Forbedring i ADHD-kjernesymptomer med atomoksetin versus metylfenidat: en metaanalyse av direkte sammenlikninger

OBJECTIVE: Previous studies comparing atomoxetine and methylphenidate to treat ADHD symptoms have been equivocal. This noninferiority meta-analysis compared core ADHD symptom response between atomoxetine and methylphenidate in children and adolescents.
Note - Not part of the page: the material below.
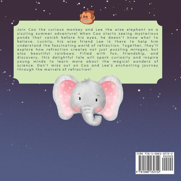 "Introduce your young child to the wonders of STEM with this book! This fun and educational science book is perfect for parents who want to inspire their child's curiosity about science. Use it as a baby book or an elementary book. A great science-fiction book" Discover the enchanting world of Coo the curious monkey and Lee the wise elephant in this captivating children's book, perfect for a hot summer day read! Filled with adventure, learning, and fun, this delightful story follows Coo as he encounters mirages in the jungle and struggles to understand the mysterious ponds that vanish before his eyes. With the help of his wise friend Lee, Coo learns about the fascinating concept of refraction, which not only creates intriguing mirages but also breathtaking rainbows. This beautifully illustrated book, ideal for young readers, combines engaging storytelling with essential science concepts. The engaging narrative is sure to ignite children's imaginations and inspire them to explore the wonders of nature and science. "Refraction - That Bends the Light." is a must-have addition to any child's library. It's a charming tale that encourages curiosity, learning, and a love for the natural world. Don't miss out on this delightful journey through the marvels of refraction with Coo and Lee! Order your copy today and watch your little ones dive into the magical world of science and discovery.A STEM focused Science book for young kids. Use it as a baby book or an elementary book for kids 4-8 years A science-fiction book or technology fiction book for kids Charming and colorful illustrations of friendly wild animal characters Promotes kids imagination and learning in a humorous way A great addition to a young child's bookshelf Grade level: Preschool - 4th Grade (book for 0-3 years, 3-6 years and 4-8 years) Simple words for level 1 readers and level 2 readers Great book for parents to read to young kids

METHOD: Selection criteria included randomized, controlled design; duration 6 weeks; and assessment of ADHD Rating Scale-IV-Parent Version: Investigator Administered and Scored (ADHDRS) scores. Six-week response rates, defined as >40% reduction in ADHDRS total score, were compared using a noninferiority margin of -15%. RESULTS: Seven studies met inclusion criteria (N = 1,368). After 6 weeks, 53.6% (95% confidence interval [CI] 48.6%-58.4%) of atomoxetine-treated patients (n = 811) had responded compared with 54.4% (47.6%-61.1%) for methylphenidate (n = 557), with atomoxetine demonstrating noninferiority to methylphenidate (absolute difference -0.9%, 95% CI -9.2%-7.5%). CONCLUSION: After 6 weeks of treatment atomoxetine and methylphenidate had comparable efficacy in reducing core ADHD symptoms in children and adolescents.